▶

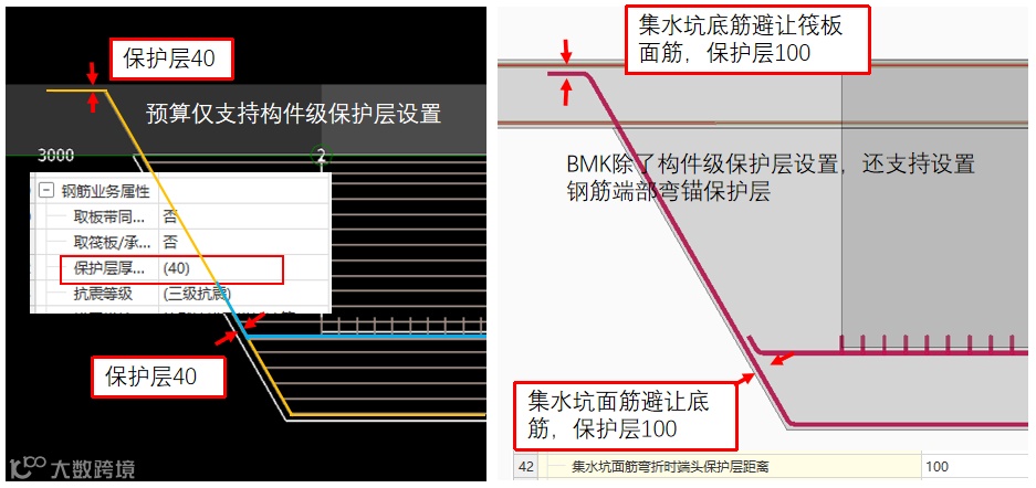 ③柱纵筋考虑与基础底部纵筋的安装层次关系,与梁纵筋顶部的安装层次关系。典型框架结构柱高3米,保护层弯折避让项节约比例可达2.8%。柱底部插筋计算,BMK考虑了保护层,长度减少8cm。柱顶部封顶钢筋计算, 考虑保护层扣减长度减少8cm。
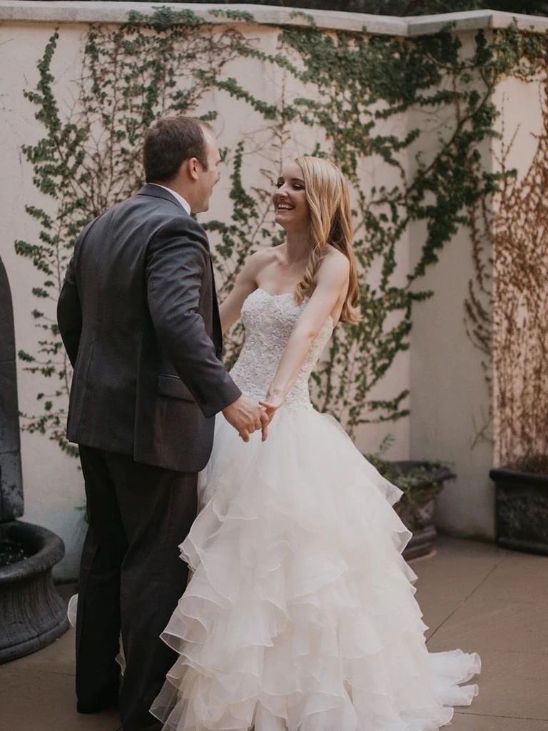 Simple Strapless Sweetheart Tulle Tiered Princess Wedding Dresses Gowns
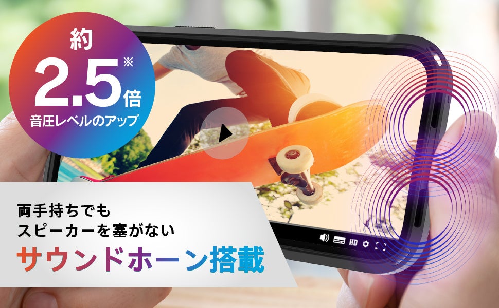 ゲームや動画視聴時、横向きに端末を持つとスピーカー部分を塞いでしまい、音がこもって聴き取りにくい。そんな不満を解消する新構造「サウンドホーン」を搭載。一般的なケースと違い、スピーカーホールの出口を端末の画面側に設計しているので、音が耳へ向かってクリアに飛びこんできます。
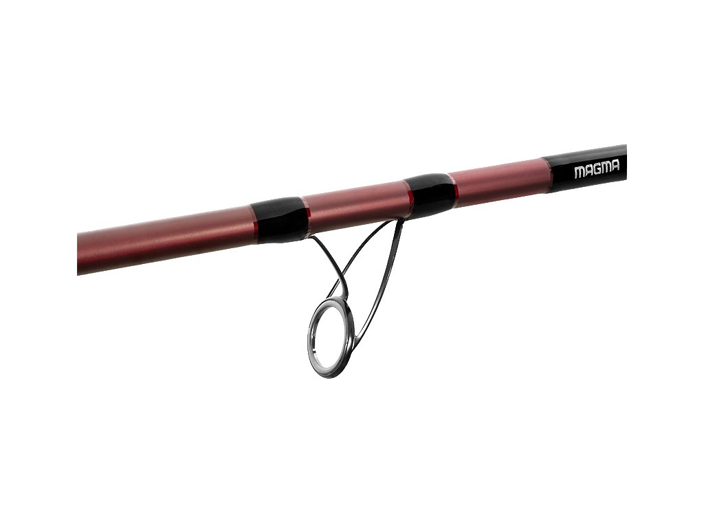 Dokonale vyladěná, v pořadí už čtvrtá generace prutů MAGMA, které dnes již jednoznačně patří mezi legendy na feederové scéně. Svědčí o tom desetitisíce prodaných kusů a dovolíme si tvrdit miliony zdolaných ryb. Lepší recept na odladěný prut, než je samotný čas si nedovedeme představit. I to je jedním z důvodů, proč v novém vydání dostala do názvu přívlastek LEGEND4RY. Neodmyslitelnou součástí prutu MAGMA je charakteristická vínově bordó barva a léty ověřené štíhlé blanky, které se staly základem i čtvrté generace. Bylo by však chybou neposunout tento prut opět o level výše a proto se dočkal hned několika doslova revolučních technických i designových vylepšení. Stejně jako předchozí verze i MAGMA LEGEND4RY Method představuje excelentně vyvážený prut vyznačující se vysokou silou a zároveň citlivostí. Použití kvalitního karbonu a inovativních výrobních technologií umožnilo vytvoření velmi štíhlého blanku s nízkou hmotností při zachování vysoké pevnosti. Samozřejmostí je vysoká odolnost vůči mechanickému namáhání, což v praxi znamená vysokou životnost prutu. Díky působivé maximální vrhací zátěži umožňuje hladké a bezproblémové nahazování i těžších koncových sestav na velké vzdálenosti. Vysoká pevnost navíc poskytuje skvělou kontrolu během zdolávání a umožňuje úspěšné zdolání i kapitálních ryb. Prut se vyznačuje semi-parabolickou akcí, čímž efektivně přispívá tlumení výpadů ryb a tím snižuje možnost uvolnění háčku z tlamy během zdolávání. Oproti předchozímu modelu jsme výrazně zapracovali na výběru a rozložení oček. Hlavním cílem této optimalizace bylo vyvážení a odlehčení prutu a prodloužení vzdálenosti a přesnosti hodů. Po dlouhodobém vývoji, testování a upravování rozložení oček se nám podařilo dosáhnout stanoveného cíle a vy tak můžete své montáže snadno dopravit o několik metrů dále s podstatně vyšší přesností. Kvalitní očka se SIC výplní poskytují optimální přechod vlasce a eliminují tření. Významnou obměnou prošel i samotný tvar a materiál rukojeti. Korek jsme nahradili EVA pěnou, která se vyznačuje maximální trvanlivostí a odolností. Ergonomický tvar rukojeti obsahuje zúžení ve středové části a seříznutí s efektním šrafováním. Tato úprava působí nejen vysoce esteticky a originálně, ale poskytuje také praktické využití v podobě vytvoření plochy pro pohodlnější opření prutu a předloktí. Inovací prošly i špičky prutu. Důkladně navržené rozložení a velikosti oček přispívají k redukci hmotnosti špičky, což v konečném důsledku vede k lepšímu vyvážení blanku. Stejně jako u předchozí verze jsou pruty dodávány s pěti druhy špiček různé tvrdosti. Rozbor detailů MAGMY LEGEND4ARY by mohl pokračovat dalších 1000 slov. Ale k čemu? Vezměte ji k vodě a okamžitě pochopíte, proč se tento prut stal legendou! Špičky určené k modelu MAGMA LEGENDARY jsou kompatibilní také s předešlými generacemi prutů MAGMA. Technické parametry: Model LEGEND4RY Method 360cm/215g Počet dílů: 3+špičky Průměr blanku nad rukojetí: 13,8mm Počet oček (prut + špička): 7+6 Transportní délka: 126cm Hmotnost: 270g Rukojeť: EVA pěna Délka rukojeti (od spodní části prutu po střed sedla): 48cm Průměr špičky: 3,2mm Model LEGEND4RY Method 400cm/215g Počet dílů: 3+špičky Průměr blanku nad rukojetí: 14,5mm Počet oček (prut + špička): 7+6 Transportní délka: 139cm Hmotnost: 298g Rukojeť: EVA pěna Délka rukojeti (od spodní části prutu po střed sedla): 50cm Průměr špičky: 3,2mm Model LEGEND4RY Method 430cm/215g Počet dílů: 3+špičky Průměr blanku nad rukojetí: 14,8mm Počet oček (prut + špička): 8+6 Transportní délka: 148cm Hmotnost: 326g Rukojeť: EVA pěna Délka rukojeti (od spodní části prutu po střed sedla): 53cm Průměr špičky: 3,2mmVideo 1
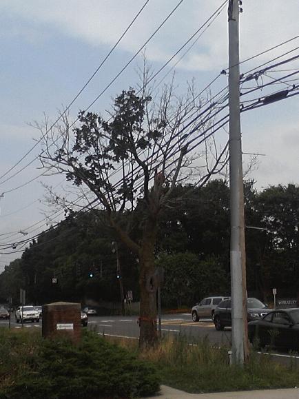 Photos of LIPA Tree Butchery, 2012 Contact your Representatives: Topping trees is sharply disapproved by New York State's own Department of Environmental Conservation (DEC) Here as well as by professional arborist organizations Here. But LIPA and its contract tree companies are on a rampage through Long Island, destroying healthy trees by gutting their branch systems in the dubious effort to prevent power failures. (In fact they are guaranteeing that the trees they vandalize become unhealthy and will eventually fail, as many of the photos here illustrate.) Municipalities like East Hills, where many of these photos were taken, have shamelessly given the tree cutters carte blanche, and have helped them bully residents into also permitting cutting on private property. This letter was submitted to the East Hills Architectural Review Board (ARB) to implore them to find a better system. |

◀

With the pictures removed, return each record above exactly as given.

 ③柱纵筋考虑与基础底部纵筋的安装层次关系,与梁纵筋顶部的安装层次关系。典型框架结构柱高3米,保护层弯折避让项节约比例可达2.8%。柱底部插筋计算,BMK考虑了保护层,长度减少8cm。柱顶部封顶钢筋计算, 考虑保护层扣减长度减少8cm。
 Simple Strapless Sweetheart Tulle Tiered Princess Wedding Dresses Gowns
 ゲームや動画視聴時、横向きに端末を持つとスピーカー部分を塞いでしまい、音がこもって聴き取りにくい。そんな不満を解消する新構造「サウンドホーン」を搭載。一般的なケースと違い、スピーカーホールの出口を端末の画面側に設計しているので、音が耳へ向かってクリアに飛びこんできます。
 Dokonale vyladěná, v pořadí už čtvrtá generace prutů MAGMA, které dnes již jednoznačně patří mezi legendy na feederové scéně. Svědčí o tom desetitisíce prodaných kusů a dovolíme si tvrdit miliony zdolaných ryb. Lepší recept na odladěný prut, než je samotný čas si nedovedeme představit. I to je jedním z důvodů, proč v novém vydání dostala do názvu přívlastek LEGEND4RY. Neodmyslitelnou součástí prutu MAGMA je charakteristická vínově bordó barva a léty ověřené štíhlé blanky, které se staly základem i čtvrté generace. Bylo by však chybou neposunout tento prut opět o level výše a proto se dočkal hned několika doslova revolučních technických i designových vylepšení. Stejně jako předchozí verze i MAGMA LEGEND4RY Method představuje excelentně vyvážený prut vyznačující se vysokou silou a zároveň citlivostí. Použití kvalitního karbonu a inovativních výrobních technologií umožnilo vytvoření velmi štíhlého blanku s nízkou hmotností při zachování vysoké pevnosti. Samozřejmostí je vysoká odolnost vůči mechanickému namáhání, což v praxi znamená vysokou životnost prutu. Díky působivé maximální vrhací zátěži umožňuje hladké a bezproblémové nahazování i těžších koncových sestav na velké vzdálenosti. Vysoká pevnost navíc poskytuje skvělou kontrolu během zdolávání a umožňuje úspěšné zdolání i kapitálních ryb. Prut se vyznačuje semi-parabolickou akcí, čímž efektivně přispívá tlumení výpadů ryb a tím snižuje možnost uvolnění háčku z tlamy během zdolávání. Oproti předchozímu modelu jsme výrazně zapracovali na výběru a rozložení oček. Hlavním cílem této optimalizace bylo vyvážení a odlehčení prutu a prodloužení vzdálenosti a přesnosti hodů. Po dlouhodobém vývoji, testování a upravování rozložení oček se nám podařilo dosáhnout stanoveného cíle a vy tak můžete své montáže snadno dopravit o několik metrů dále s podstatně vyšší přesností. Kvalitní očka se SIC výplní poskytují optimální přechod vlasce a eliminují tření. Významnou obměnou prošel i samotný tvar a materiál rukojeti. Korek jsme nahradili EVA pěnou, která se vyznačuje maximální trvanlivostí a odolností. Ergonomický tvar rukojeti obsahuje zúžení ve středové části a seříznutí s efektním šrafováním. Tato úprava působí nejen vysoce esteticky a originálně, ale poskytuje také praktické využití v podobě vytvoření plochy pro pohodlnější opření prutu a předloktí. Inovací prošly i špičky prutu. Důkladně navržené rozložení a velikosti oček přispívají k redukci hmotnosti špičky, což v konečném důsledku vede k lepšímu vyvážení blanku. Stejně jako u předchozí verze jsou pruty dodávány s pěti druhy špiček různé tvrdosti. Rozbor detailů MAGMY LEGEND4ARY by mohl pokračovat dalších 1000 slov. Ale k čemu? Vezměte ji k vodě a okamžitě pochopíte, proč se tento prut stal legendou! Špičky určené k modelu MAGMA LEGENDARY jsou kompatibilní také s předešlými generacemi prutů MAGMA. Technické parametry: Model LEGEND4RY Method 360cm/215g Počet dílů: 3+špičky Průměr blanku nad rukojetí: 13,8mm Počet oček (prut + špička): 7+6 Transportní délka: 126cm Hmotnost: 270g Rukojeť: EVA pěna Délka rukojeti (od spodní části prutu po střed sedla): 48cm Průměr špičky: 3,2mm Model LEGEND4RY Method 400cm/215g Počet dílů: 3+špičky Průměr blanku nad rukojetí: 14,5mm Počet oček (prut + špička): 7+6 Transportní délka: 139cm Hmotnost: 298g Rukojeť: EVA pěna Délka rukojeti (od spodní části prutu po střed sedla): 50cm Průměr špičky: 3,2mm Model LEGEND4RY Method 430cm/215g Počet dílů: 3+špičky Průměr blanku nad rukojetí: 14,8mm Počet oček (prut + špička): 8+6 Transportní délka: 148cm Hmotnost: 326g Rukojeť: EVA pěna Délka rukojeti (od spodní části prutu po střed sedla): 53cm Průměr špičky: 3,2mmVideo 1
 Photos of LIPA Tree Butchery, 2012 Contact your Representatives: Topping trees is sharply disapproved by New York State's own Department of Environmental Conservation (DEC) Here as well as by professional arborist organizations Here. But LIPA and its contract tree companies are on a rampage through Long Island, destroying healthy trees by gutting their branch systems in the dubious effort to prevent power failures. (In fact they are guaranteeing that the trees they vandalize become unhealthy and will eventually fail, as many of the photos here illustrate.) Municipalities like East Hills, where many of these photos were taken, have shamelessly given the tree cutters carte blanche, and have helped them bully residents into also permitting cutting on private property. This letter was submitted to the East Hills Architectural Review Board (ARB) to implore them to find a better system. |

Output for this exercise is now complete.